Iris erläutert: In Deutschland existiert eine massive Mutterdefinition: „Ich bin doch die Mutter“. „Das Kind gehört zur Mutter“. Letztlich steckt dahinter immer noch der nationalsozialistische Muttergedanke, der ganz manipulativ auf Reproduktion orientiert war. Iris berichtet, das bis Mitte der 80er Jahre in den Fachschulen für Erzieherinnen (Männer gab es da noch nicht) oft noch das Werk von Johanna Harrer die „wissenschaftliche“ Grundlage  bildete, Bücher einer Kinderärztin, die ihr pädagogisches Werk im Rahmen der nationalsozialistischen Ideologie verfasst hatte : „Die deutsche Mutter und ihr erstes Kind“, 1941. Auch der in der deutschen Sprache einmalige Begriff der „Rabenmutter“ hat hier seine Wurzeln. Die Familienanwältin Koppmann berichtet, dass in Süd-Deutschland noch lange Zeit nach dem zweiten Weltkrieg ledige Schwangere in Heime gebracht wurden, dort ihr Kind gebaren , das dann an Bauernhöfe verkauft wurde.

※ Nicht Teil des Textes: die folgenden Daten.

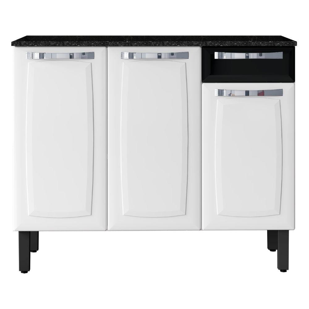 Balcão de Cozinha Itatiaia Rose Aço Com Tampo 3 Portas 1 Gaveta Branco/Preto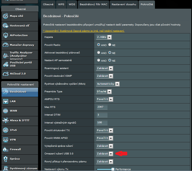 Další novinkou je možnost eliminace rušení WiFi portem USB 3.0. Zařízení USB 3.0 používají frekvenci 2,5 GHz, což je blízko frekvenci 2,4 GHz, na které funguje WiFi. Asus myslel i na tohle, proto nabízí v nastavení možnost omezení tohoto rušení.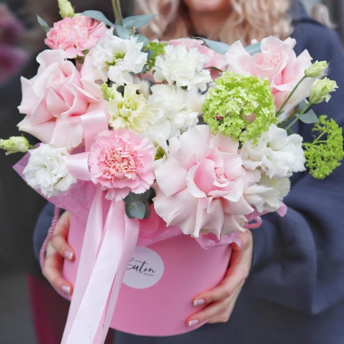 “В твоих глазах”: нежная шляпная коробка с французскими розами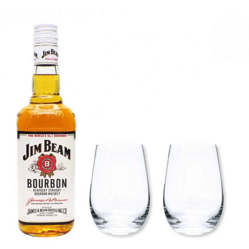 Der Jim Beam Whiskey in der white label Edition mit 2 Whisky Bechern.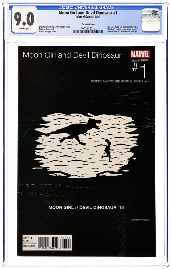 Written by Amy Reeder and Brandon Montclare. Art by Marco Failla.Cover by Jamal Campbell. NEW STORY STARTS NOW! What's next for Moon Girl and Devil Dinosaur? The all new, all different, MOST AMAZING Marvel Team-Up continues... Face to face with the Terrigen Cloud that could turn her Inhuman, Lunella Lafayette's world is about to turn upside down! Now more than ever, she'll have to rely on smarts and keep a cool head! Meanwhile, a new boy in school has moved to town from far, far away…but why is he so interested in Lunella? Plus, the most wanted T-Rex in NYC is running out of places to lie low. Part One of 'Cosmic Cooties' begins here!!! 32 pages, full color, Rated T Cover price $3.99.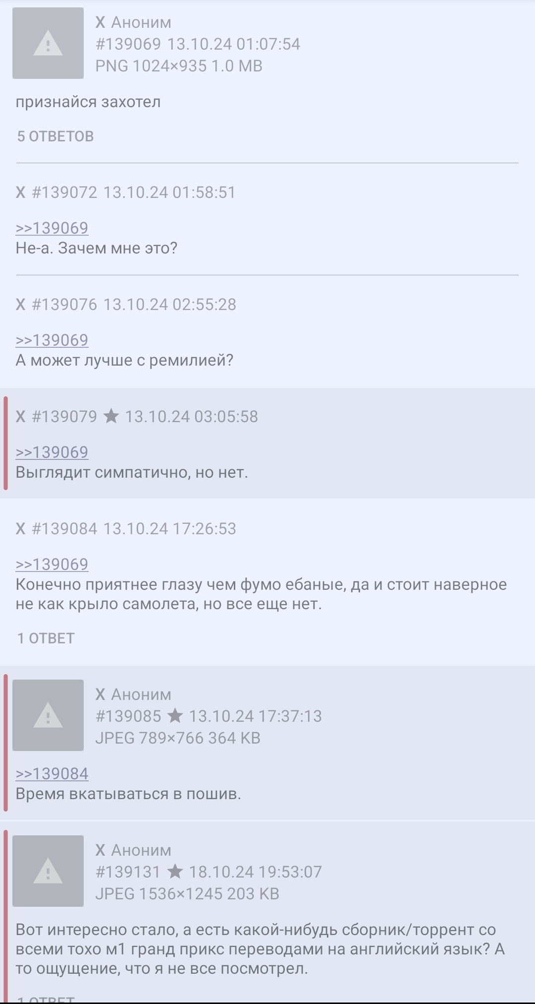 >>139976 > посидите за компом, поедите и спать пойдёте Скорее всего, так и выйдет. Чего тут праздновать...? Я не чувствую новогоднего настроения. >>139985 Зачем? >>139986 Прямо как суйка, лишь бы накатить по какому нибудь поводу. >>139987 И там большие, и тут большие. >>139989 Зеленого слоника пересмотрели? Наверное они уже там заодно гвоздем расчертили доску, а из грязи шашки сделали. >>139995 Зато все чинно благородно, а не как в условном /b/ или /rf/. >>139998 Логично. У нас и тохомузыку слушать некому, и в даммаку играть некому, потому здесь и нет почти никого. Ну и ладно, так даже уютнее. >>140017 А если накатить за ремилию? >>140018 Остается только надеяться...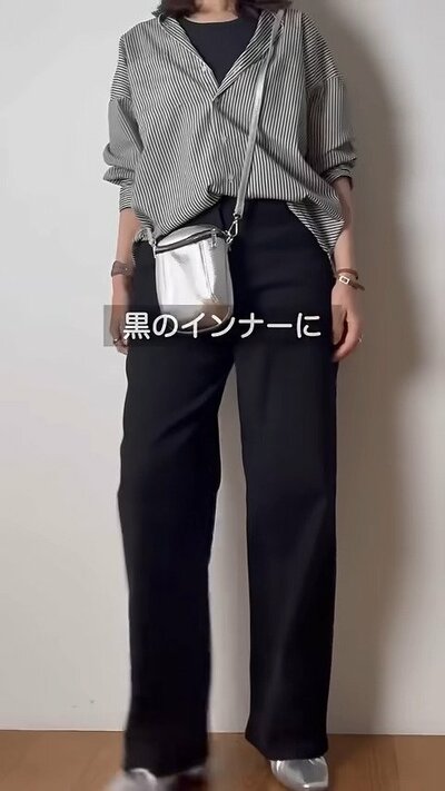 次は黒パンツを合わせたコーディネート。インナーも黒で統一しています。バッグと靴はシルバーで差し色に。モノトーンにまとめてよりシックな印象にまとめています。なおさんは「黒は引き締まる」と解説しています。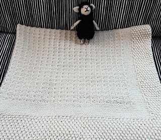 Blankets knit flat, in one piece, back and forth on circular knitting needles in order to accommodate the large number of stitches.

Und warum es heute noch oft so konservativ in jungen Familien läuft? „Gate keeping“ ist der Fachbegriff, der bedeutet, dass Mütter die Väter einfach nicht an die Kinder heranlassen, ihnen keine wirkliche Verantwortung für die Kinder überlassen. Dem Vater wird überlassen, mehr Geld zu bringen, die Mutter übernimmt Kinder und den gesamten „mental load“. Es ist schwer zu verstehen, wieso sich diese weit verbreitete Haltung unter jungen Leuten hält. Nach Iris Meinung muss es auch heute noch ein ausdrückliches Ziel sein, am Bewusstsein der Frauen und Männer zu diesem Verhalten zu arbeiten. „Frauen müssen das anders wollen“. Männer auch.

Auch das bleibt eine Zukunftsaufgabe für die SPDFrauen. Iris schlägt als Beispiel einen Filmabend mit einem aktuellen Film (Beispiel „1001 Minuten“, 2024 ) und dessen Diskussion vor. Das wäre ein niederschwelliger Einstieg in ein „schweres“ Thema.

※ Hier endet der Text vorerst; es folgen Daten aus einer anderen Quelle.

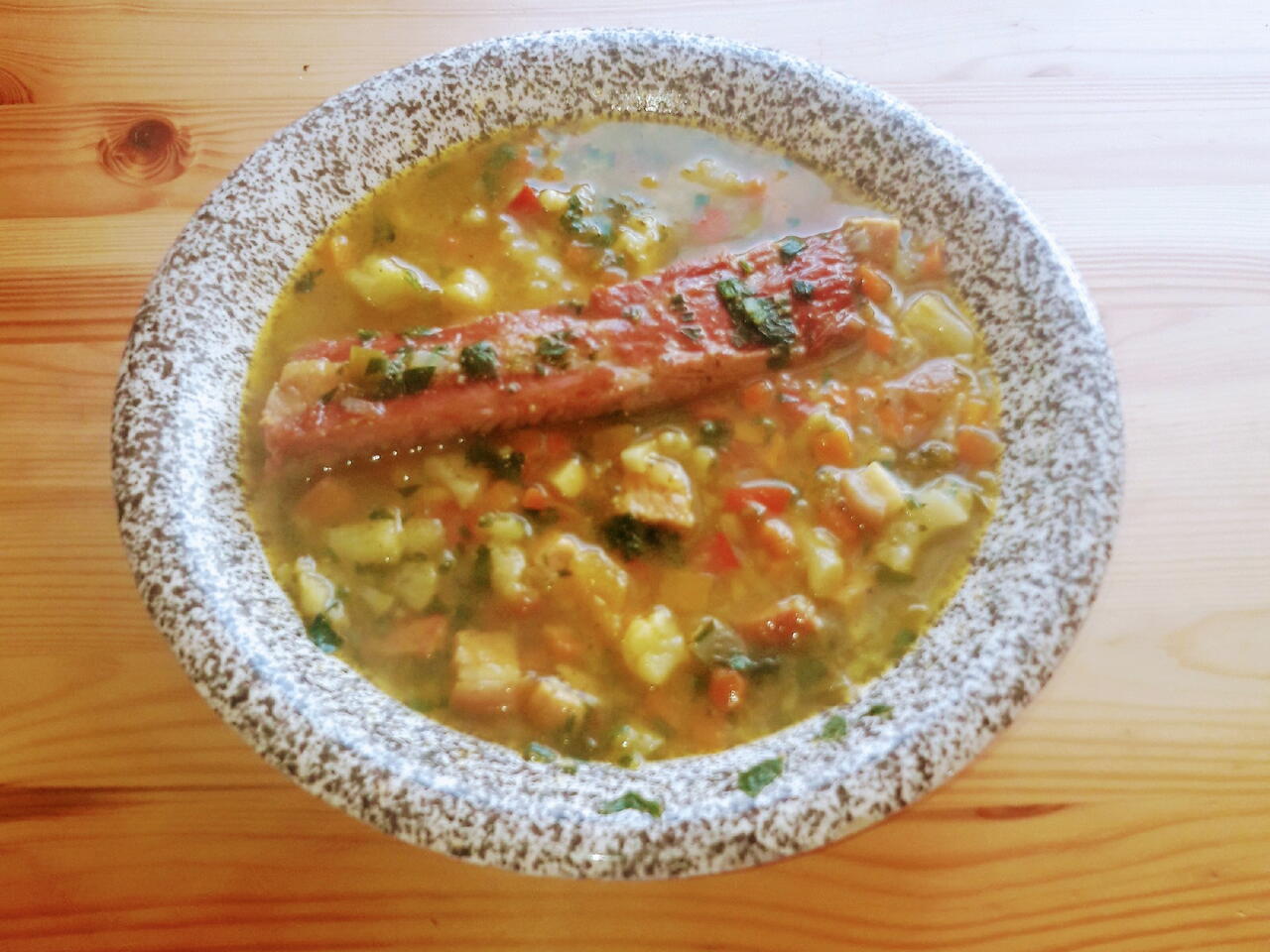 6. Mai lăsați vreo 10 minute la foc iar cand sunt fiert cartofi,potriviți de sare ,piper adăuga patrunjelul tocat mărunt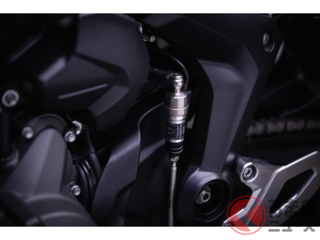 さらに、ターンバイターンナビゲーションに対応したBluetooth接続機能や、クルーズコントロール、アップダウン対応のクイックシフター「トライアンフ シフトアシスト」など、大型モデルに搭載される先進テクノロジーも標準装備。また、最適化コーナリングABSとトラクションコントロールも採用されています。
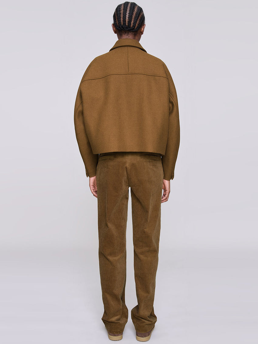 A cropped, boxy jacket with a loose fit, designed with a classic collar, sloping shoulders, and two side pockets. Finished with hidden faux horn buttons and a black lining for a clean, minimal look.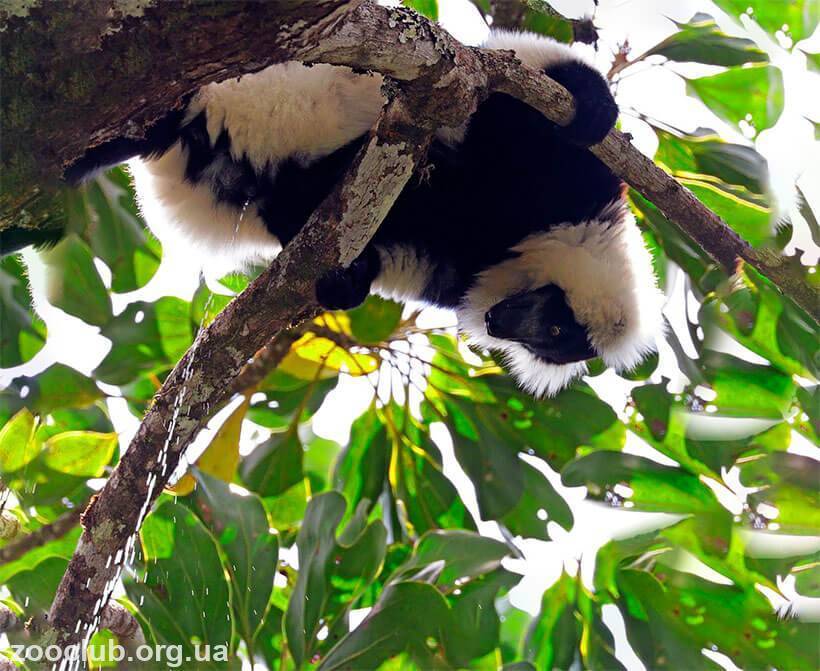 Черно-белые вари чаще всего срывают плоды, свисающие с тонких концов ветвей. Чтобы добраться до них, примат виснет вниз головой, уцепившись за ветки задними конечностями. Такая ловкость позволяет ему конкурировать с меньшими и более легкими лемурами.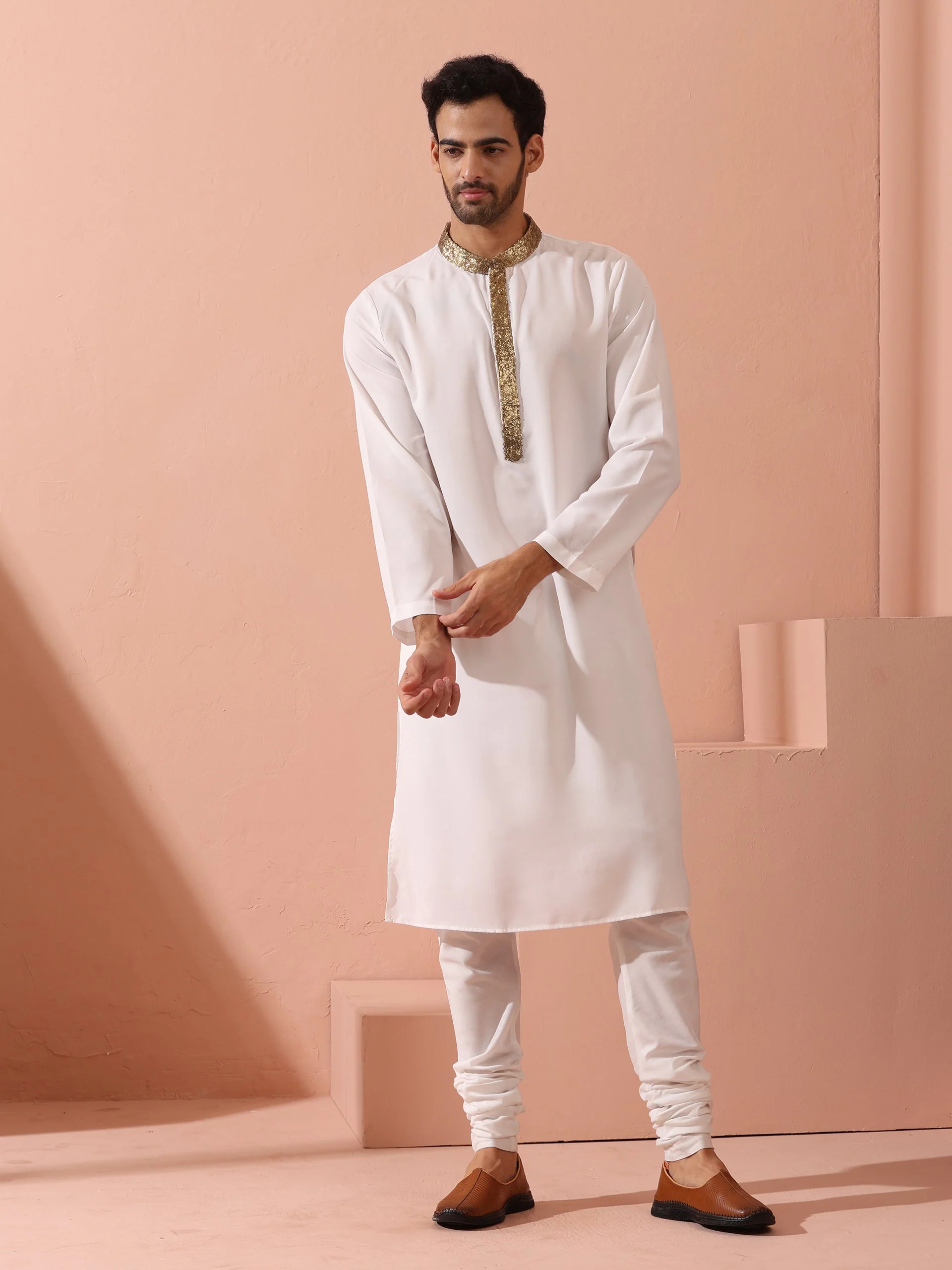 White & Gold Sequin Crepe Kurta with Hidden Placket

Was sind weitere drängende Frauenthemen?

Iris nennt „Frauen mit Behinderung“, die seit 2020 nach dem Eingliederungshilferecht besondere Aufmerksamkeit in Anspruch nehmen können. Sie sieht für die betroffenen Frauen eine gefährliche Schnittstelle zur Altersarmut.

Ein zweites Thema ist für sie „Frauen im Alter“. Frauen werden häufig von gesellschaftlichen Ereignissen informell ausgeschlossen. Frauen über 50 würden häufig gar nicht wahrgenommen, höchstens wenn eine frech und eloquent sei oder sich in einer besonderen gesellschaftlichen „Oase“ befinde, wo man sie achte.

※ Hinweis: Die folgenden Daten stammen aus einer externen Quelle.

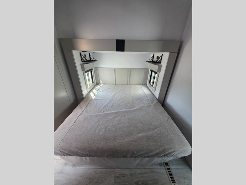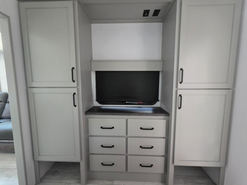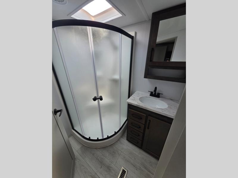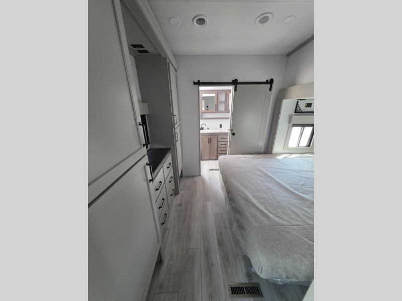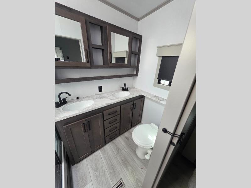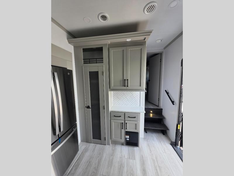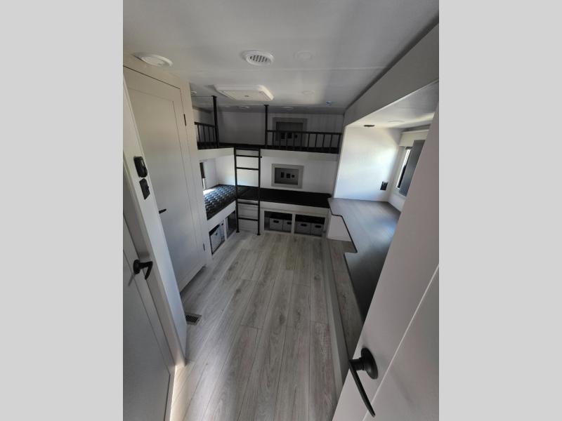You'll love every minute spent in this spacious fifth wheel! It's perfect to camp with a larger group since there are bunk beds in the front bunkhouse suite plus a second suite in the back. The bunkhouse also includes two desks with chairs and storage drawers, a full bath, plus washer and dryer prep if you plan to go full-time. The rear suite features a king bed slide, two closets, a bedroom countertop plus a full rear bath with dual bath sinks; how convenient! Everyone will love to meet in the combined kitchen and living area in the morning. Here, you'll find two large opposing slides for tons of space, a large sofa and kitchen island, plus three pantries for all the snacks, canned goods, and paper products!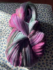 The spongy, ultra-soft Merino wool provides a light touch of warmth, and the deeply heathered colors result in delicate lace that seems like passing shadows. Heathered colors ensure wardrobe versatility since they compliment so many different shades. You’ll find that a shawl, wrap or scarf knit in Shadow can be your go-anywhere chill chaser as well as fashionable accent. If you prefer more substantial lace, this yarn looks lovely knit double stranded.

Was bleibt für Iris im Rückblick auf ihre gesamte aktive Zeit in der ASF?

Sie findet, die Zeit war „toll“. Sie habe viele Menschen kennengelernt, vieles erlebt, was sie sonst nie erlebt hätte. Sie kam durch diese Tätigkeit in der SPD „aus ihrer eigenen Blase heraus“, kam en passant in wichtige Themen und Fragestellungen rein und erlebte sich selbst als immer wieder neu und interessiert. Wer nicht politisch aktiv ist, erfährt das ihrer Meinung nach so nicht. „Privatisieren ist furchtbar“, sagt sie.

Danach gefragt, was sie jungen Frauen für die Zukunft mitgeben möchte, sagt sie:

„Sich was zutrauen, kein Blatt vor den Mund nehmen, und dabei authentisch bleiben“.

Iris, vielen Dank für das Gespräch!  

Das Interview führte Monika Kirfel im März 2024.